I think I like it here. In this ICU floor that is not so unfamiliar today.
Shifts are stressful.
Rounds are long. Painful.
Attendings are stern.
Chaos fills the ICU floor. When there isn't a massive group of people rounding, there are procedures and interventions underway on the ICU floor. With intubating bed 8. Coding bed 1. Placing lines in there. And pulling lines here.
Doctors and nurses and pharmacist and Respiratory therapist armed with medicine try and try here in this ICU floor to make a dent in the enemy that is disease. And sometimes, most often than not, we do not win the battle. We succumb to loss. We succumb to death.
Bed 16. We will be withdrawing care tonight. She's on pressors. On maximum vent settings. She's on continuous dialysis. She is swollen now, her hands and face edematous. She is hardly the woman she was a few weeks ago, few days ago...
She reminds me of another ICU room I stood in 10 years ago. My grandmother's. Being just a child then and seeing her with a tube in her mouth, it was confusing. It was foreign, then. Cold and unkind then, not today. Today it's a procedure. Not a necessity. It's a "cool thing I get to do'.

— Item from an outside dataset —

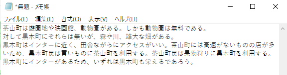 今回は例として架空の町を比較するテキストを用意しました。(特徴をメモ帳に保存したものです)
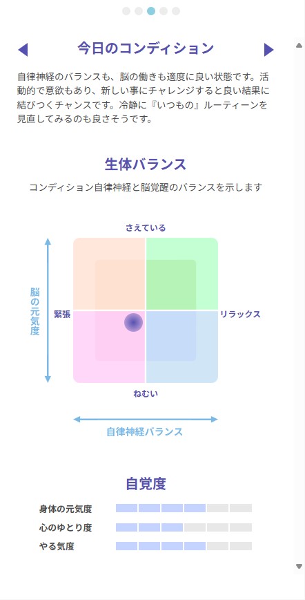測定後、利用者には状態に応じた具体的な行動提案が提示されます。たとえば「今日は集中力が下がっているので、午後は単純作業を優先しましょう」といった、即効性のあるアドバイスが届き、セルフケアを習慣化するサポートが行われます。

I spoke to this family today. The decision was made like the one my grandfather had to make a decade ago. They will be withdrawing care tonight. I hugged the husband who will lose his love tonight. Who will walk out of this hospital like my grandfather did when our grandmother passed away, he walked alone. Surrounded by family, but without his soul mate that he lived and loved for the majority of his life. My memory of the day I lost my grandmother is foggy. Too many things going on that day clouding the specifics. But one thing I do remember so vividly was getting off the elevators after saying our last goodbye; I walked off the elevators with my parents, uncles, aunts and my grandfather onto another floor. My grandfather was near the back of the elevator and was the last to exit. As he made his exit, he looked back with one hand stretched out to take hold my grandmother's hand as he had done so many times before, only to find her not beside him. He looked up at me and smiled a little defeated sad smile to himself and joined the rest of the family. After 60 so years of marriage, he no longer had a hand to hold.
Death does that. Our status as humans often places us in such a place.

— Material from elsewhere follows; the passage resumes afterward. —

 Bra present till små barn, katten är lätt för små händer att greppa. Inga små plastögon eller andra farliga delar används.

I said my good byes and my condolences to this family, the family of bed 16. To the daughter in law who tries to hold the family together, I gave a hug. Shook the hand of the sons of the lady in bed 16. I left before looking the family of the woman in Bed 16 clear in the eye. Before the tears started to fill my eyes.
This loss for this family hits close to home. It makes me realize what is it that I am privileged to do, day in, day out. On long days. Hard days. With hard attendings overworked staff and tough rounds. With anxious patients and frustrated families. Yet such a privilege to serve people on their worst days.
I think I like it here. In this ICU floor that is not so unfamiliar today.